Луиса положила ногу на ногу. Туфельки ее были все так же безупречно чисты, словно она не ходила много часов по мокрому асфальту.
– Я бы выпила чего-нибудь, – сказала она. – У меня в горле пересохло.
Она уже не спешила, уже не чувствовала себя неловко в моем доме. Нас объединила пленка, которую мы прослушали вместе, пленка, на которой среди других голосов (некоторые из них нам даже незнакомы) звучат и наши голоса – ее и мой. А еще нас сближала усталость и то, что мы рассказали друг другу (теперь каждый из нас знал все: я рассказал то, что было до, а она – то, что было после того, что уже не исправить и что, наверное, уже не так нас и интересовало: все это уже в прошлом). Я встал и направился в столовую, чтобы налить ей виски. Она тоже поднялась и пошла следом за мной, непринужденно прислонилась к дверному косяку и смотрела, как я Достаю бутылку, лед, бокал, воду. Иногда так разговаривают супруги: один ходит за другим по пятам, пока тот наводит порядок, готовит ужин, гладит или убирает. Их дом – это общая территория, здесь не надо назначать свиданий, не обязательно садиться, чтобы поговорить или рассказать что-то, здесь можно делать домашние дела и одновременно разговаривать: спрашивать и отвечать. Я знаю это, потому что я не всегда жил один.

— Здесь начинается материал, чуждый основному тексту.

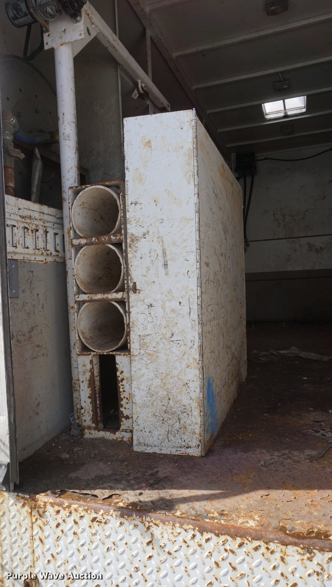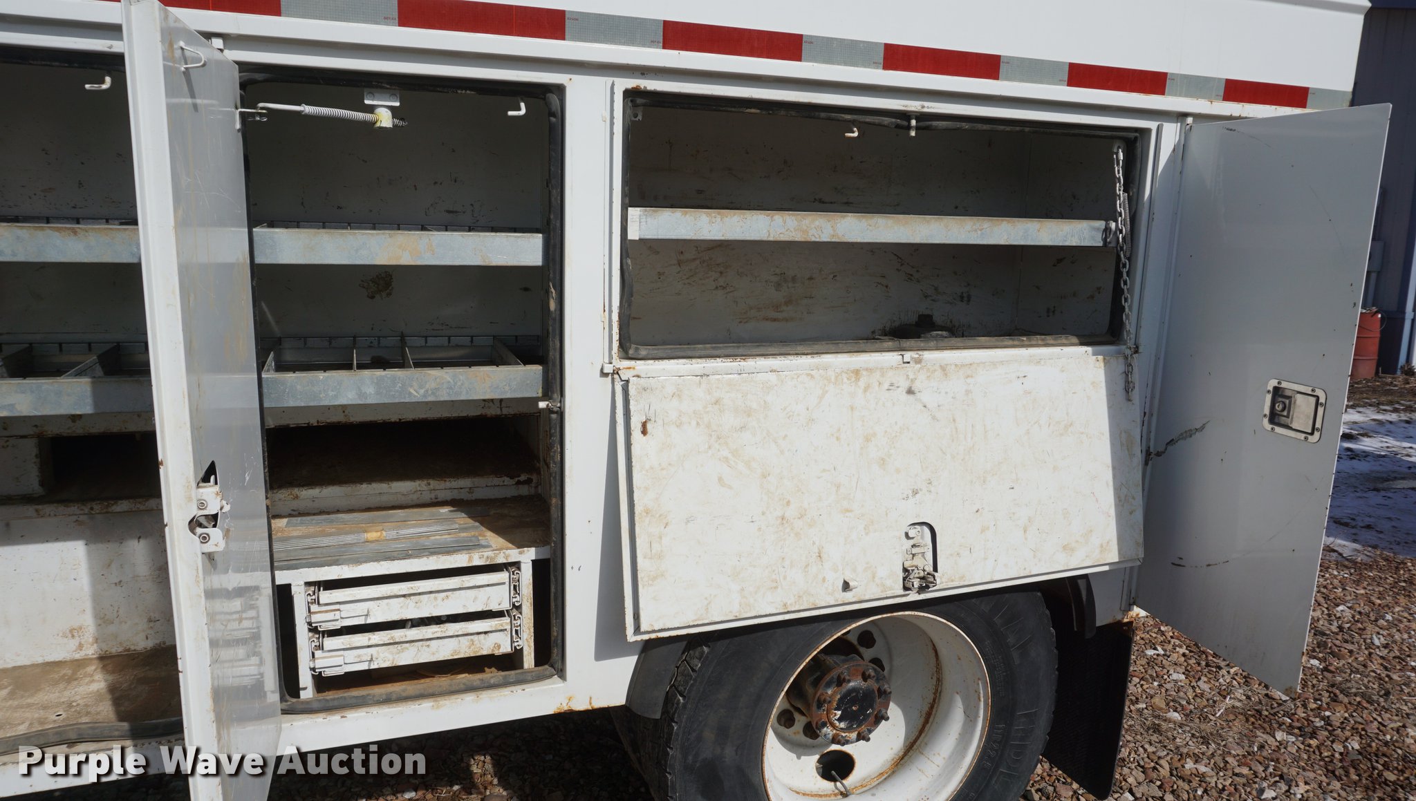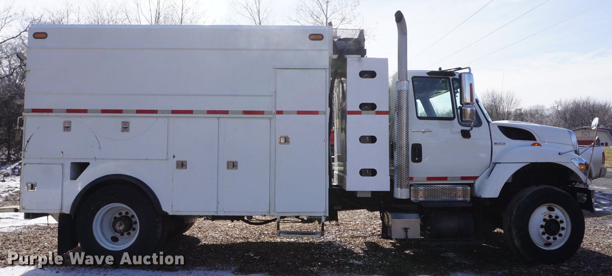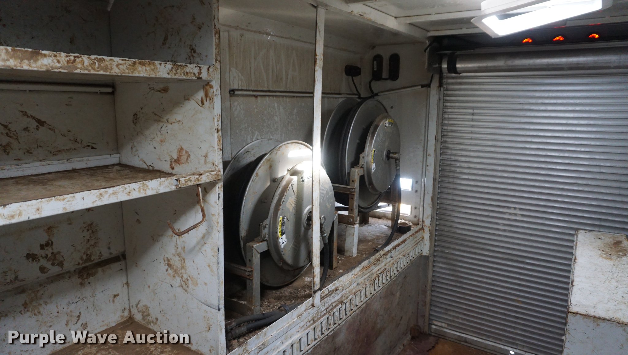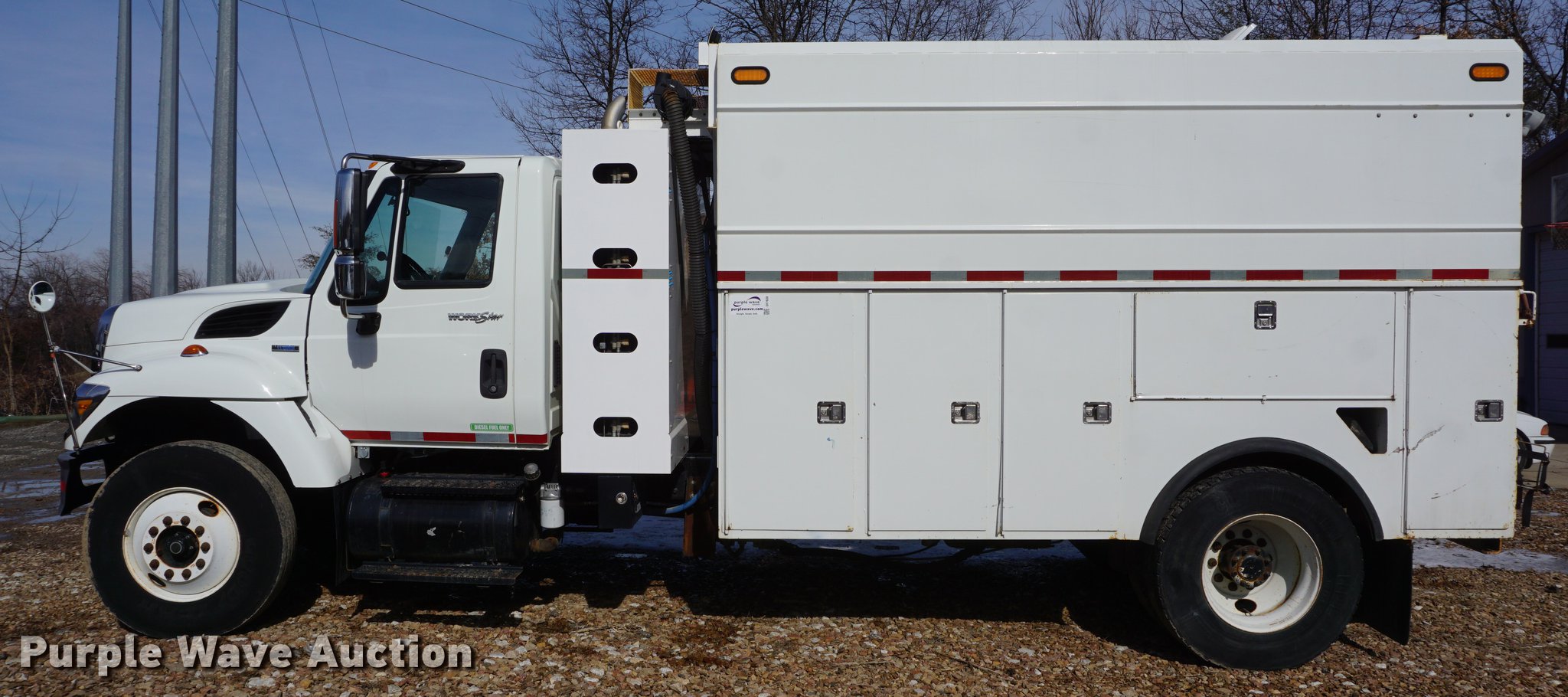 Purple Wave is selling a used Service Truck in Missouri. This item is a 2009 International 7300 service truck with the following: 25,167 miles on odometer, 4,660 hours on meter, 2,450 PTO hours on meter, International MaxxForce 7.6L L6 CNG engine, Allison automatic transmission, Single axle, AC and heat, AM/FM/CD, Heated mirrors, Air suspension seat, PTO, Dakota 155-SS utility bed, 13'L, Shelving, Slide-out drawers, Enclosed body, Power inverter, (2) Hydraulic hose reels, Air compressor, Air hose reel, Sinlge fuel tank, Single exhaust stack, Spring suspension, Air brakes, 11R22.5 tires, GVWR 35,000 lbs

– В общем, я тебе уже говорила, что у них начались нелады какое-то время назад, – говорила Луиса. – Думаю, что у него кто-то был, – мужчинам недостаточно только придумывать себе романы. Но наверняка я ничего не знаю, доказательств у меня нет.
В ее искренности можно было бы и усомниться: незадолго до этого она говорила, что они с Мартой рассказывали друг другу почти все. Возможно, у самой Марты не было доказательств, а потому она ничего не рассказала сестре. Лучше молчать, лучше сказать: «Не знаю, не уверен, там видно будет», – лучше ничего не знать наверняка. Я подал Луисе виски, а себе налил граппы. Вряд ли она стала бы лгать, может быть, просто не хотела выдавать чужие секреты.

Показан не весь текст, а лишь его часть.